The proposed ordinance to name the Disaster Risk Reduction and Management Office (DRMMO) which is under construction at the city hall compound after Punongbayan has been referred for further study to the city council’s committees on public affairs, mass media, information and people’s participation; and on laws, rules and internal government.
Authored by Councilor Donato Matias of the sixth district, the measure said that naming the DRMMO building after the late Phivolcs director would be a fitting tribute to his “extraordinary service and dedication to the Filipino people.”
Matias cited Punongbayan’s stint as Phivolcs director from 1983 to 2002 during which two major calamities—the July 16, 1990, Luzon earthquake and the 1991 Mt. Pinatubo eruption— struck the country. The late director’s close monitoring of Mt.

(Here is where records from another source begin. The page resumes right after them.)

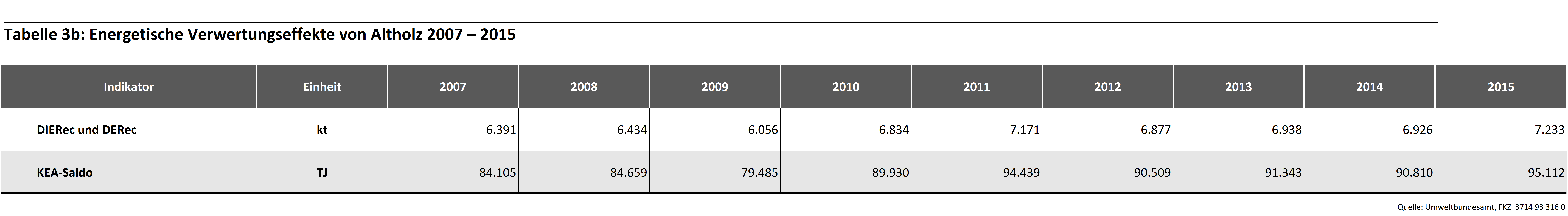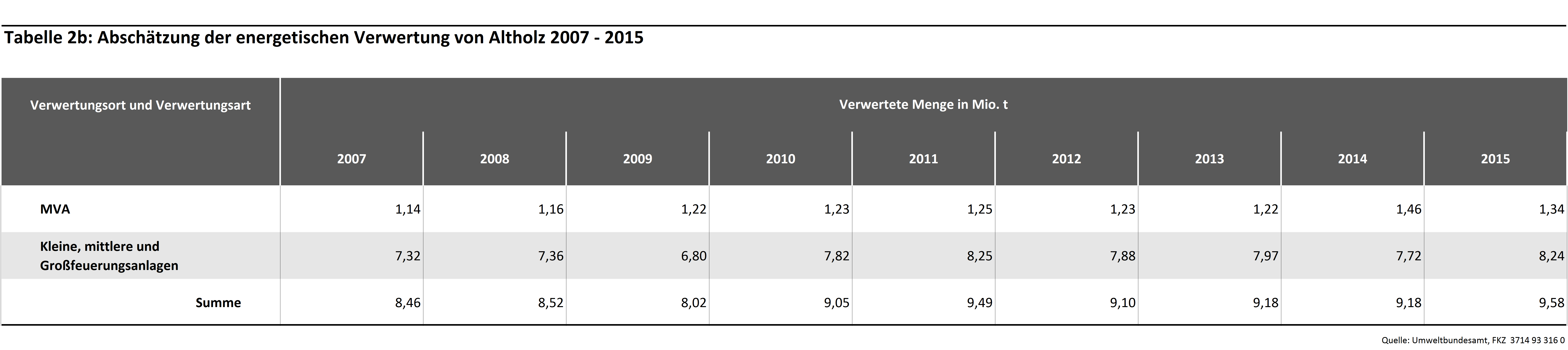 Tabelle 2b: Abschätzung der energetischen Verwertung von Altholz 2007 - 2015 Quelle: Umweltbundesamtaltholz_tabellen.xlsx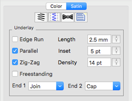 In the underlay properties, the “Edge Run” will create runs on either side of the satin, just inset by an amount controlled by the Inset field on the property page. The inset for the edge run is usually is set to fall just inside the stitching – perhaps a half-needle with or slightly more, which allows some relief around tight corners. The stitch length of the edge run is also adjustable; use smaller stitches for tight, narrow columns and longer ones if you want to reduce the stitch count, or are worried about cutting the fabric. The default is usually sufficient though.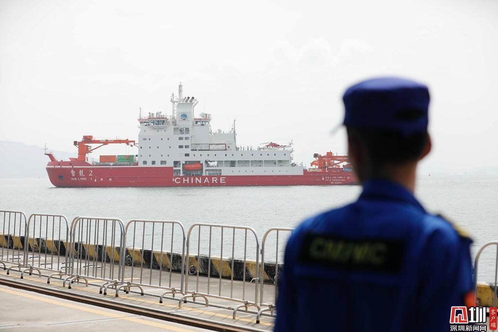 2019年10月13日,蛇口郵輪母港,中國自主建造的首艘極地科考破冰船“雪龍2”號抵達深圳蛇口郵輪母港CR2碼頭。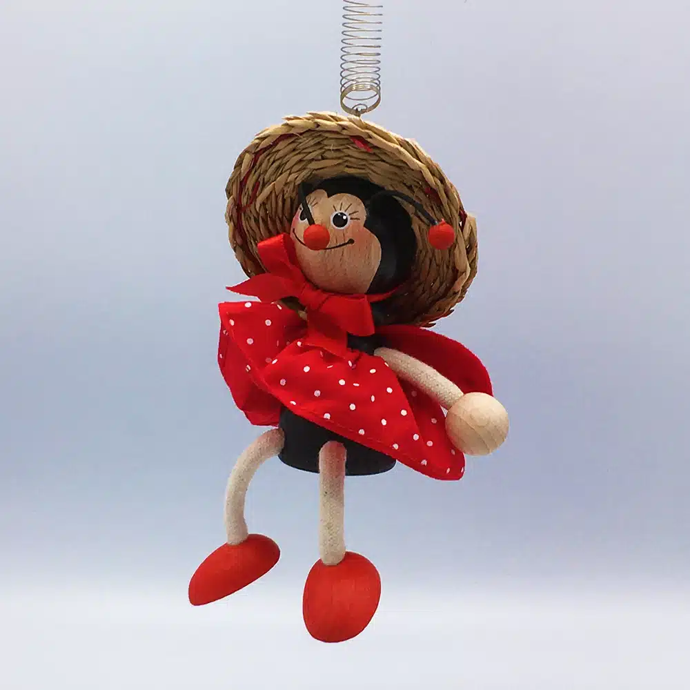 Figurine animale en bois montée sur ressort, à suspendre, de fabrication Allemande.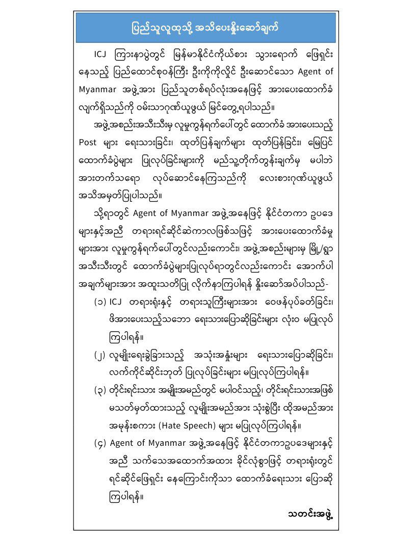 ICJ မှာ မြန်မာနိုင်ငံကိုယ်စားပြုဖြေရှင်းနေတဲ့ မြန်...
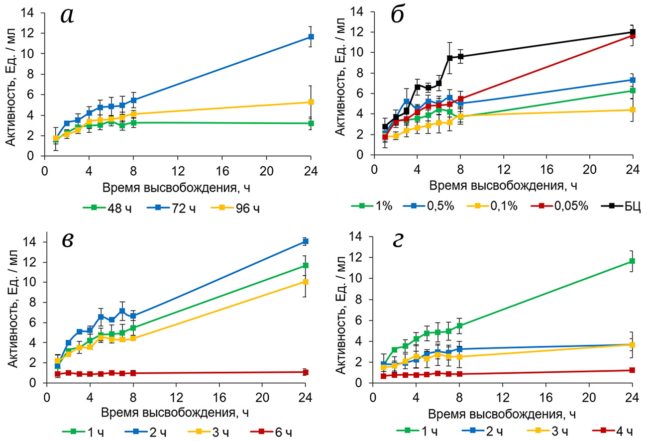 Рис. 2. Влияние условий создания композита БЦ–хитозан на высвобождение фермента в течение 24 ч. а – Влияние времени выращивания плёнок; б – влияние концентрации хитозана. Активность фермента, иммобилизованного на плёнки БЦ, показана для сравнения на панели. в – Влияние времени инкубации с хитозаном; г – влияние времени инкубации с глутаровым альдегидом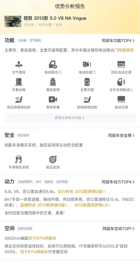 综上所述的用车成本、市场行情、优势分析、同款比价等数据仅供参考,车况信息需要线下结合车辆实际情况进行综合参考。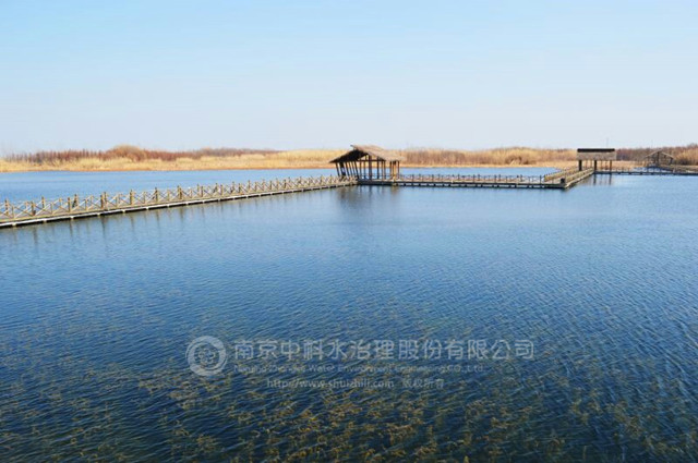 溱湖國(guó)家濕地公園內(nèi)的溱湖風(fēng)景區(qū)是國(guó)家5A級(jí)旅游景區(qū)和經(jīng)江蘇省人民政府批準(zhǔn)的省級(jí)風(fēng)景名勝區(qū),是由國(guó)家林業(yè)局批準(zhǔn)設(shè)立的全國(guó)第二家、江蘇省首家國(guó)家級(jí)濕地公園。溱湖生態(tài)構(gòu)建示范區(qū)水面面積約8萬㎡,平均水深1.5m,生態(tài)構(gòu)建之前水體透明度僅為25cm。我司通過人工干預(yù),打破水體濁水穩(wěn)定態(tài),水生植被覆蓋率70%左右,水體平均透明度達(dá)到1.5m,清澈見底,形成穩(wěn)定的良性生態(tài)系統(tǒng)??⒐ぶ两?,生態(tài)系統(tǒng)一直保持穩(wěn)定,水質(zhì)指標(biāo)達(dá)到《地表水環(huán)境質(zhì)量標(biāo)準(zhǔn)》(GB3838-2002)Ⅰ類水標(biāo)準(zhǔn)。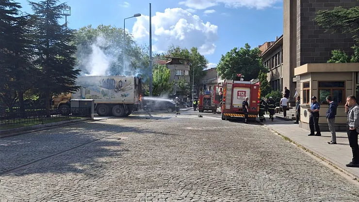 18 Mayıs Pazar günü saat 09.00 sıralarında meydana gelen olayda Valilik ve Hükümet Konağı önünde park halinde bulunan Afyonkarahisar Belediyesi’ne ait kamyonun kasasında yangın çıktı.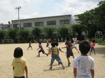 今日はとてもいいお天気でした!今日のみんなあそびはドッチボールでした。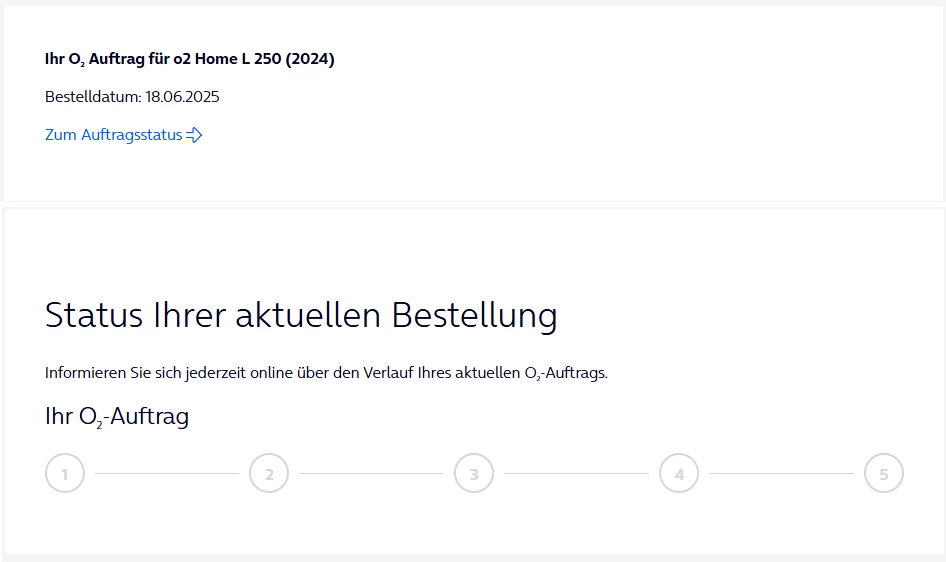 Im Online Portal sieht der Status meiner Bestellung sehr ernüchternd aus: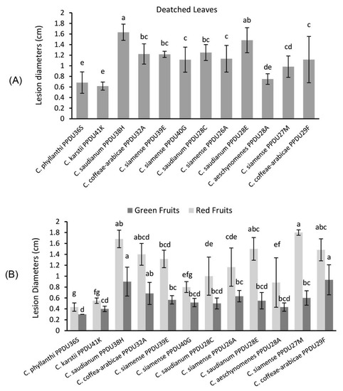 Lesions diameters (y-axis) released from 12 Colletotrichum isolates (x-axis) inoculated on detached coffee leaves (A), red and green fruit (B) after 10 days of incubation at 25 °C. Each isolate’s values represent the mean of six replicates ± (SD). Means designated with similar letters in these columns did not vary significantly according to the LSD test (p < 0.05).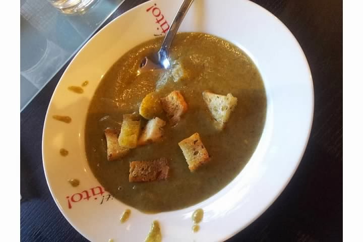 Spinach soup with garlic thyme croutons:

Pinatubo and his massive information drive to inform the public about its impending eruption saved thousands of lives.
Punongbayan was considered an authority in the fields of volcanology, seismology, geology and disaster-preparedness, and also served as a governor of the then Philippine National Red Cross (PNRC).
A member of the task force for the Development of [an] Earthquake and Tsunami Disaster Prevention Master Plan for the Asia-Pacific Region, he was the national focal person of the Association of Southeast Asian Nations’ coast subcommittee on meteorology and geophysics.
He and eight Phivolcs and Air Force personnel died in a helicopter crash on April 28, 2005, in Gabaldon, Nueva Ecija. At that time, he and other PNRC officials were on a mission to assess the area for the government’s disaster preparedness operations program.